Some of the posts there make switching to points sound like a bad idea, although I'm tending to trust the posters on TUG much more.


----------



## timetraveler

will be in the North Village as of this Saturday.  I love going back home.


----------



## Mel

At the update, the salesman stated you lost 80% of the value when converting.  It's not a question of converting the points as a currency, but in the value of the points once converted.  It sounded like you would get about 80% of similar value once converted, but you get the advantage of the points never expiring, so it's a trade-off.

While I take everything the sales staff says with a grain of salt, if they're admitting you lose value, I don't doubt it.

Of course, several of the things he mentioned contradict each other, though he might not have really even be aware.  "Availability of excahnges is decreasing because so many resorts are becoming points resorts" (and are thus not going to be available as weeks exchanges)... Last minute exchanges are available for 9000 points (didn't mention only at weeks resorts)... I would love to own the points, but not at their prices.  When points become available resale, we will probably sell our weeks ownership and "convert" by buying a resale points package.

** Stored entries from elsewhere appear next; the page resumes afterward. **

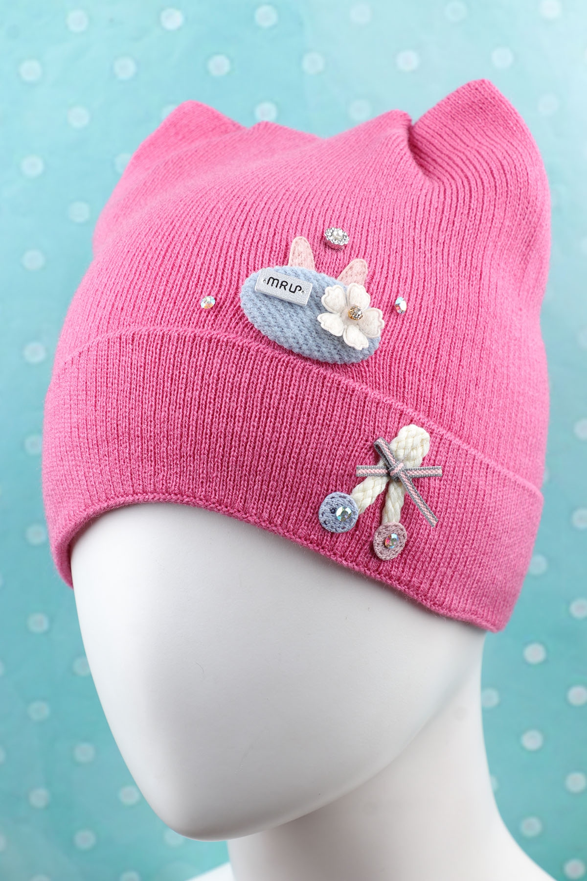 Тёплая шапка на девочку двойная с отворотом утеплена флисовой подкладкой. Внешний отворот дополнительно согревает уши. Хорошо облегает голову и комфортно сидит. Шапка украшена небольшой аппликацией.
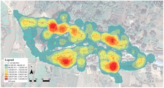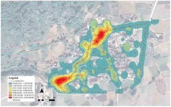 Heat map of villagers’ activity distribution in Guanlu Village.
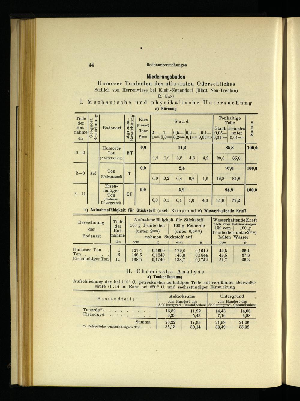 ]Wasserhaltende Kraft nach zwei Bestimmungen 100 ccm| 100 g Feinboden(unter 2mm) halten Wasser

As for having to take the shuttle everywhere, that's only because of the size of the resort.  Most units are within reasonable walking distance of one of the recreation areas.  Complaining about having to take the shuttle is like complaining that the DVC resorts aren't all within walking distance of all 4 Disney parks (plus the water parks, Downtown Disney...)


----------



## Redrosesix

That makes sense -- so a family would probably stay mostly in their own area anyway.

I wouldn't doubt that you lose some value if you convert to Priorty Club points -- that's the way with most hotel points.  But you're right -- the non-expiry deal is very good and worth it if you have no other alternative or could really use those points (like if you were staying in a hotel somewhere that year and had to skip your Orlando vacation)

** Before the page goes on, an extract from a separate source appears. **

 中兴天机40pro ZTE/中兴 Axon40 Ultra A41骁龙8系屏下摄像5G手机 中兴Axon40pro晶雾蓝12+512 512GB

But if the ratio is 5:4, and the average HIVC TS is worth 150,000 points (just guessing), converting them to Priority Club points wouldn't even get you your own week (which costs 27,500 PC points per night) -- closer to half of a week


----------



## Mel

The conversion would be 80% of the value, not the actual number of points.  A week stay at OLCC would be 192,500 points through Priority Club, so a 20% discount means a typical OLCC week could convert to around 155,000 Priority Club points - but again, you could keep those points forever (or until Priority Club ceases to exist, or the program changes...)


----------



## Redrosesix

Mel said:


> The conversion would be 80% of the value, not the actual number of points.  A week stay at OLCC would be 192,500 points through Priority Club, so a 20% discount means a typical OLCC week could convert to around 155,000 Priority Club points - but again, you could keep those points forever (or until Priority Club ceases to exist, or the program changes...)



Well, that sounds a lot better.  For me, it would be worth paying the premium ie. giving up the 20 % so that the points never expire, but that's because we like the Crowne Plaza hotels (which are 25,000 pts per night)


----------



## gjw007

One change that I recently was informed was that if you want your points put into the priority club, it must be that year's points not points carried over from the previous year as I had been told by OLCC representatives before.  The kicker to this is that if you don't use the points carried over, they do become lost points.  Also, if you use the points for other than resort stays, they are also current year points, not points carried over.  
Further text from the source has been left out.